Tutorial on grep

There are numerous general tutorials for grep (an acronym based on "global regular expression print") - see the external links in the Wikipedia entry.

The following instructions are geared towards the search requirements for this course. Grep is line-based; since the coding strings are each on a separate line, grep searches each coding string separately, just as we want.

The general format of a grep command is:

grep search-pattern file(s)-to-be-searched
The search pattern (but not the input files to be searched) needs to be enclosed in (single or double) quotes, like this:
grep "v:.:.:.:.:.:.:6:8:.:7:0:.:f:.:.:.:l" ling300.cod.ooo
Given the information about regular expressions below and the coding conventions for the coding strings, the search string above matches the coding strings for clauses with an ordinary main verb and do support (rather than simple negation) in private letters written in the 1700s by women born in the 1680s.

If you run the above command at the command line, you should get one match.

Search patterns in grep can contain literal characters as well as so-called regular expressions. The following table contains the regular expressions that you will need in order to search the coding strings for the syntax project.

Regular expression Explanation
. Period stands for any single character (including itself)
[aeiouy] Square brackets enclose alternatives.

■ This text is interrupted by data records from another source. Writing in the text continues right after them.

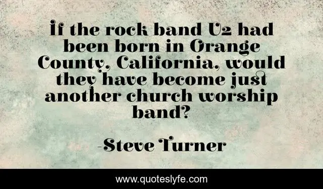 This page presents the quote "If the rock band U2 had been born in Orange County, California, would they have become just another church worship band?". Author of this quote is Steve Turner. This quote is about creativity, uniqueness, passion, adversity, testimony,.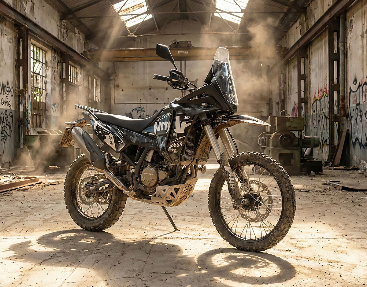 Deko-sett Domination for Rieju Aventura 307R er ikke bare til pynt. Mens 307R (lansert i januar 2026) utmerker seg med sin allsidighet, viser dette designet dens mørke og kraftfulle side. Det er den ultimate kledningen for de som kjører sin terrengsykkel som en konkurranseenduro: sterk, rask og uten nøling.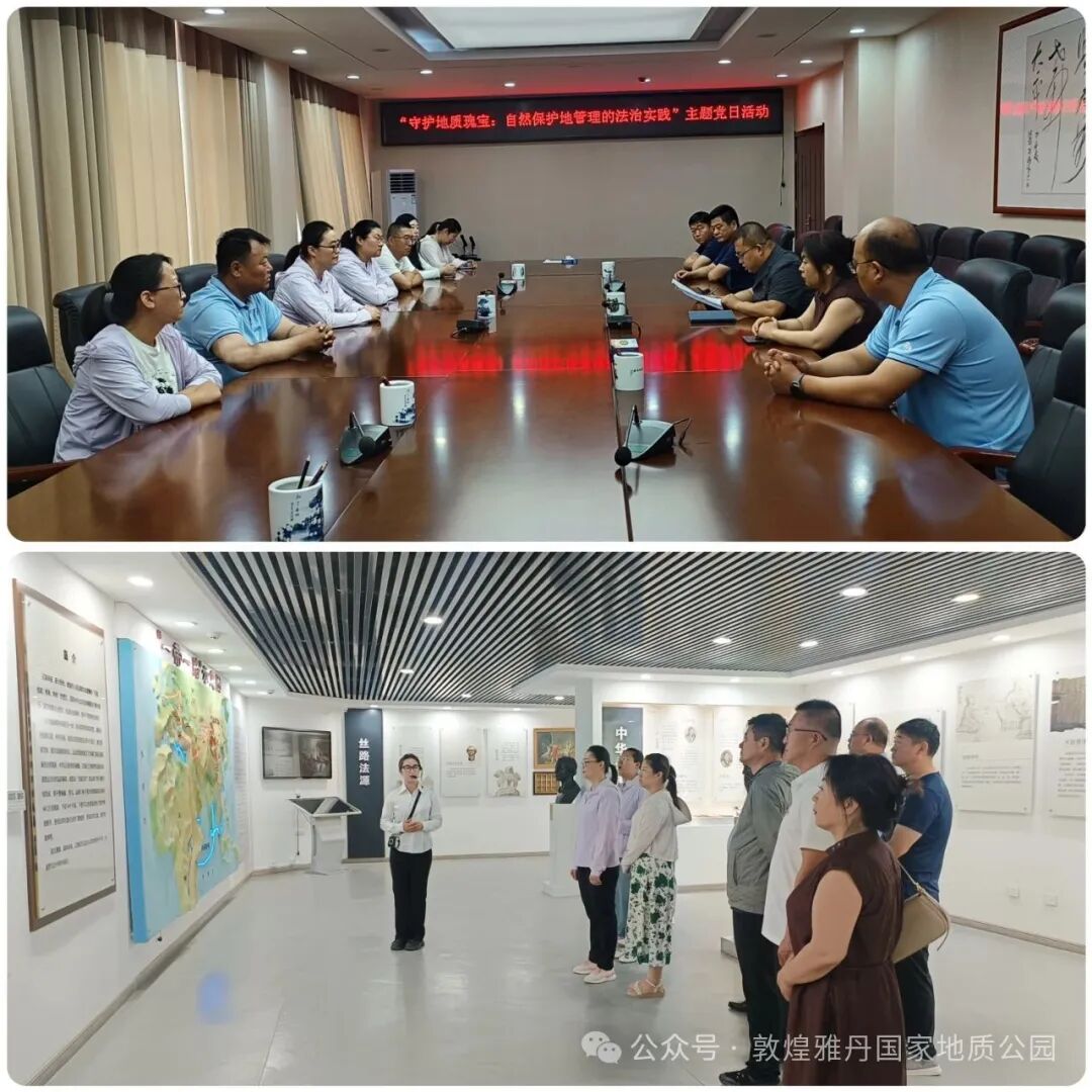7月9日,敦煌市雅丹景区服务中心党支部组织全体党员干部开展了“守护地质瑰宝:自然保护地管理的法治实践” 主题党日活动,通过“实地学习 + 专题普法”沉浸研学模式,筑牢生态保护法治防线。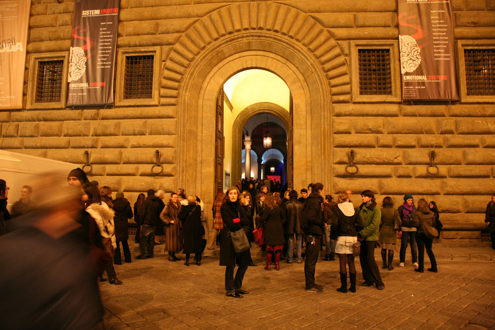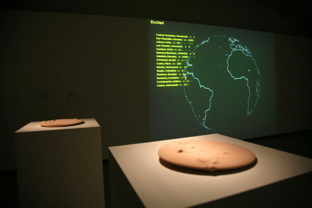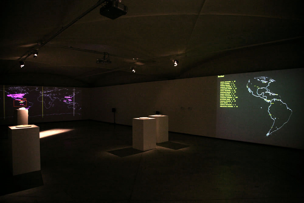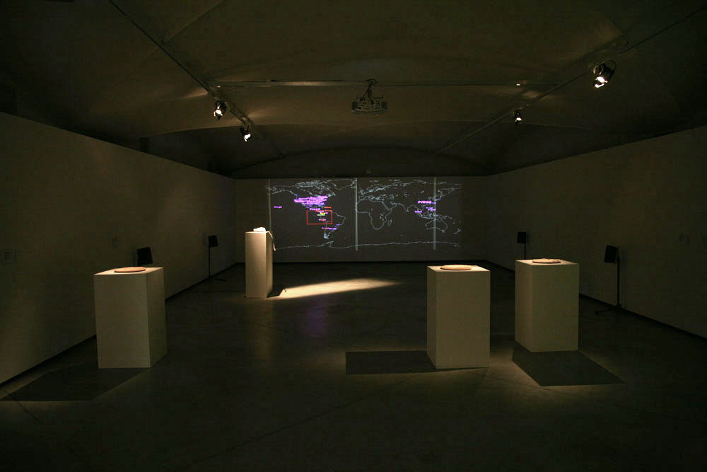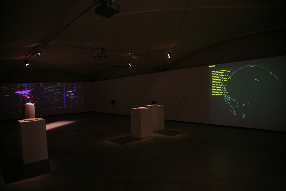 Seen as the world nervous system, the Net should now be the best way to know where pain and pleasure are located on the planet. Googling the news on the Web then becomes a way to get real-time images of the world state of mind. Mechanics of Emotions a series of works that uses such data from the web, builds dynamic maps of the world’s emotions e-Spotting (Emotion Spotting) Internet-Music performance, and now –seen at the exhibition at the Palazzo Strozzi- an art installation turns the map of world emotions into a music scoreThe World Emotional Mapping real-time maps of world emotions from the Net maps made up of words, words as big as the number of hits related to the 3200 biggest cities emotions around the worldMixing-by-Watching When in the installation, visitors use VR binoculars to visually explore the maps, from inside the globe. They select-by- watching the zones of the world that will reveal their emotional states of minds. And watching, through observing the world, becomes a way to mix up feelings and produce a euphoric, enigmatic, or pathetic music from it.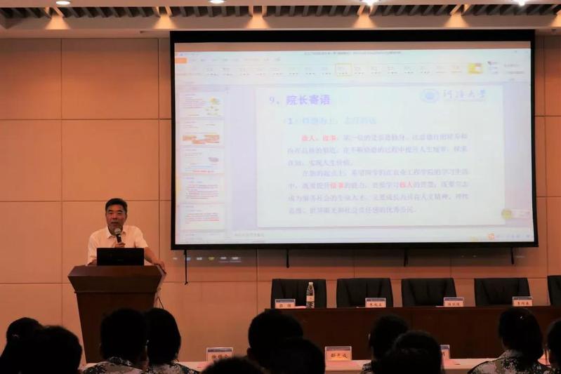 稍事休息之后,李同春院长给新生们讲授开学第一课,说明了农水的历史是光辉的,前景是光明的,同学们首先应该树立专业自信。之后,李同春院长从农水的学科沿革、师资队伍、学科方向、机构设置、重要成果、人才培养、机遇与挑战等方面让同学们对学院及专业有了基本认识。最后,李院长深情寄语18级学子,一个人要修德为上,志存高远;修学为要,励精图治;修身为本,励志笃行;善于创新,迎接挑战。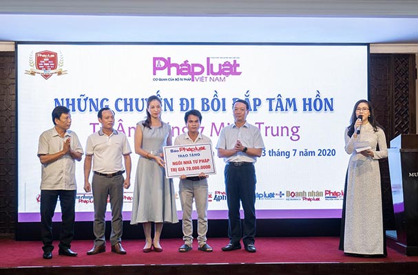 Trên hành trình tri ân tháng 7 miền Trung, Đoàn công tác của Báo PLVN đã tiếp tục sứ mệnh truyền tải pháp luật, sẻ chia với những cán bộ Tư pháp còn khó khăn tại TP.Huế. Tại đây, Báo PLVN đã trao tặng 2 “Mái ấm tư pháp”, mỗi mái ấm trị giá 70 triệu đồng cho anh Hà Văn Bình, cán bộ tư pháp xã Quảng Lợi, huyện Quảng Điền, tỉnh Thừa Thiên – Huế và anh Hồ Văn Hang, cán bộ tư pháp xã Ba Nang, huyện Đăkrông, tỉnh Quảng Trị. Món quà tuy không lớn nhưng là niềm khích lệ, động viên lớn lao với cá nhân 2 anh nói riêng cũng như cán bộ khó khăn trong ngành Tư pháp nói chung.
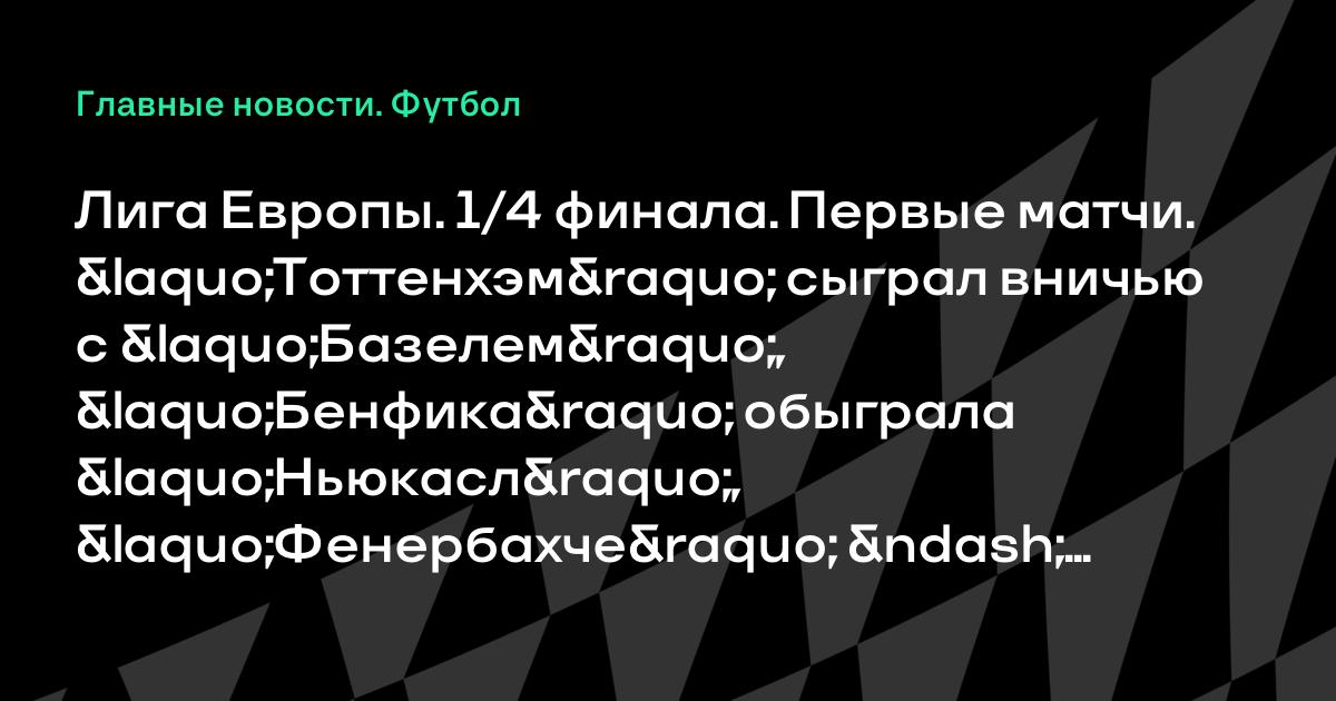 Лига Европы. 1/4 финала. Первые матчи. «Тоттенхэм» сыграл вничью с «Базелем», «Бенфика» обыграла «Ньюкасл», «Фенербахче» – «Лацио»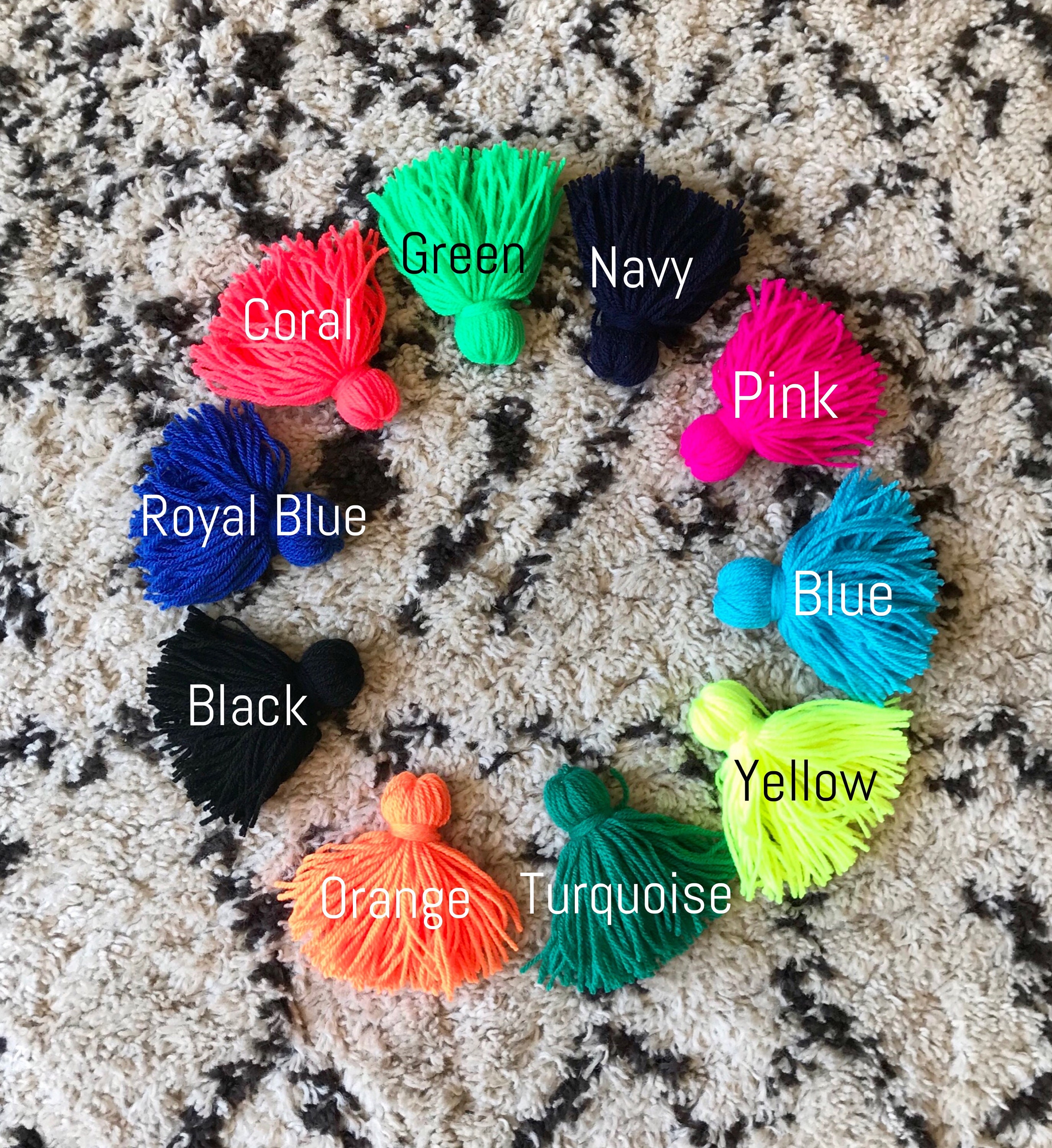 Please tell me what you would like embroidered on your basket in the note box at check-out. Please also let me know the wool colour for the lettering and for the tassel.

The expression to the left matches the set of English vowels.
[a-e] For digits and letters, alternatives can be specified as ranges of characters. The expression on the left is another way of searching for [abcde].
[0-9]
[a-z]
[A-Z]
Commonly used alternatives can be specified as ranges of characters. The expressions on the left match, respectively, a single digit, a single lowercase letter, a single uppercase letter.
[0-9a-z]
[a-zA-Z0-9]
[a-cg-im-os-t]
Ranges can be combined. The first expression matches a single digit or lowercase letter. The second expression matches a single digit or any letter. As the third expression shows, the ranges that are combined can be any well-formed range.

A hyphen right after the opening bracket or right before the closing bracket is interpreted literally. So, the following searches are equivalent.

grep '^[a-c-]' ling300.cod.ooo
grep '^[abc-]' ling300.cod.ooo
grep '^[-a-c]' ling300.cod.ooo
grep '^[-abc]' ling300.cod.ooo
^ The caret character has two different meanings, depending on where it occurs in a search string.

A caret as the first character of a search string "anchors" the search string to the beginning of an input line. In other words, there is a difference between the following two commands.

grep 'D' ling300.cod.ooo
grep '^D' ling300.cod.ooo
The first command finds lines with D anywhere in the coding string. Given the coding conventions for the coding strings, this would match negative sentences with main verb do, questions with main verb do, any coding string from a private diary, and a number of other sentence types - not a linguistically meaningful result! The second command finds lines with D as the first character on the input line. Given the coding conventions, this would match negative sentences with main verb do.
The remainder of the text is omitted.